Comments for The Blessing Way
The Blessing Way: 06/12/12
I have been collecting the Navajo Mysteries by Tony Hillerman since I first read Talking God in college. The early Hillerman books contain a lot ethnographic observations on Diné culture and language. So much, so, that they were used as required reading for a non-western art class I took as a freshman.
Although the books stand by themselves and can be read out of order, I've decided to go back and read the series in order, filling in the ones I've missed.
The series opened with The Blessing Way, published in 1970. The cold war is still going strong, so is the Vietnam War. There are no cellphones, making the quarter million miles of wilderness that is the Navajo Nation a very remote location even though it sits within Arizona, New Mexico, Utah and Colorado.
For fans of the later books, the older cop, younger cop dynamic is missing.
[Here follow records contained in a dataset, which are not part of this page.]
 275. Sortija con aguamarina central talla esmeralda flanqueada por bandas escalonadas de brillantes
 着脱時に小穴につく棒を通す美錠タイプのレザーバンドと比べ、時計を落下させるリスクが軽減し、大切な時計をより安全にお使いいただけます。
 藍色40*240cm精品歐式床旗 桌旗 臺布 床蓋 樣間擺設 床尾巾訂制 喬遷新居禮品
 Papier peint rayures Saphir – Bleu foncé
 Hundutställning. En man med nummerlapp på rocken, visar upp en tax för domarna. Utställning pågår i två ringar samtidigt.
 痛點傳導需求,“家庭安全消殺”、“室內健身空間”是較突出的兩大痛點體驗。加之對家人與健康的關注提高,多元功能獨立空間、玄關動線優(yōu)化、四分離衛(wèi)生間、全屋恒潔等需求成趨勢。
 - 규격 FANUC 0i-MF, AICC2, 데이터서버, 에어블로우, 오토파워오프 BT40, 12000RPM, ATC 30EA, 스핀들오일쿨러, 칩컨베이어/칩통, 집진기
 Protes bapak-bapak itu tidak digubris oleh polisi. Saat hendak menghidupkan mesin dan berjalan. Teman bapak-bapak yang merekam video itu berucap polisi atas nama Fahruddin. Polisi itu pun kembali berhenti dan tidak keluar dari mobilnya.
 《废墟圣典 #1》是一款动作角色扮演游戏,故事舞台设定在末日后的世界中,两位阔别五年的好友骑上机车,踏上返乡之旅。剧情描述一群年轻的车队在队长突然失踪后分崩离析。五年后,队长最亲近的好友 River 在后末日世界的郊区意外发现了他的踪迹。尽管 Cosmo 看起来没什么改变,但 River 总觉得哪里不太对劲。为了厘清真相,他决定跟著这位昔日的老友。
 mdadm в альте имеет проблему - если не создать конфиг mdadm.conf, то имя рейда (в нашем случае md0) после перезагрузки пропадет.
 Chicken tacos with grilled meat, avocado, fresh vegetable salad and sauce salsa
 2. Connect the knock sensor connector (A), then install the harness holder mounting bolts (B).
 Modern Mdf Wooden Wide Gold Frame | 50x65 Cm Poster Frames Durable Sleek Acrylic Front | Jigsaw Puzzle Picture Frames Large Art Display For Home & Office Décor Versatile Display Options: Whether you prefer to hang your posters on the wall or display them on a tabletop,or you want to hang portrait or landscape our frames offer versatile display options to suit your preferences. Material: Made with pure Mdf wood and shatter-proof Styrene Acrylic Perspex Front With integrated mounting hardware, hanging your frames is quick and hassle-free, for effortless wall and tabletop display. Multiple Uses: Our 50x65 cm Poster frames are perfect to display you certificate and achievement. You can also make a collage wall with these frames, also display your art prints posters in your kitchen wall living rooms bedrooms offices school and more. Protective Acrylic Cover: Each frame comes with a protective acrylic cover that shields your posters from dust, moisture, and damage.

There's no Jim Chee to get under Joe Leaphorn's skin. Instead, there's what I can guess is an attempt at an authorial insert in the form of a belagaana professor who specializes in Navajo culture. He gives an expert but decidedly outsider's observations.
The problem though, is Dr. Bergen McKee, as an outsider doesn't have the same motivations to solve the murder as Joe Leaphorn does. And although he may know some of the different Sings, he's not actually studying them to perform them as Jim Chee tries in Talking God.
But the grains of what will be in later novels is here. There are thoughts on Navajo beliefs and motivations and questions about what would make someone break from form. Differences in Navajo subcultures are discussed but not fleshed out as they will be in later books.
Despite the discrepancies, some very dated material, as well as a somewhat clunkier writing style, I still enjoyed the book. I listened to an audio version performed by George Guidall. He had the perfect voice for the mystery and brought all the characters to life. I enjoyed his work so much I plan to listen to book three, Listening Woman, on CD as well.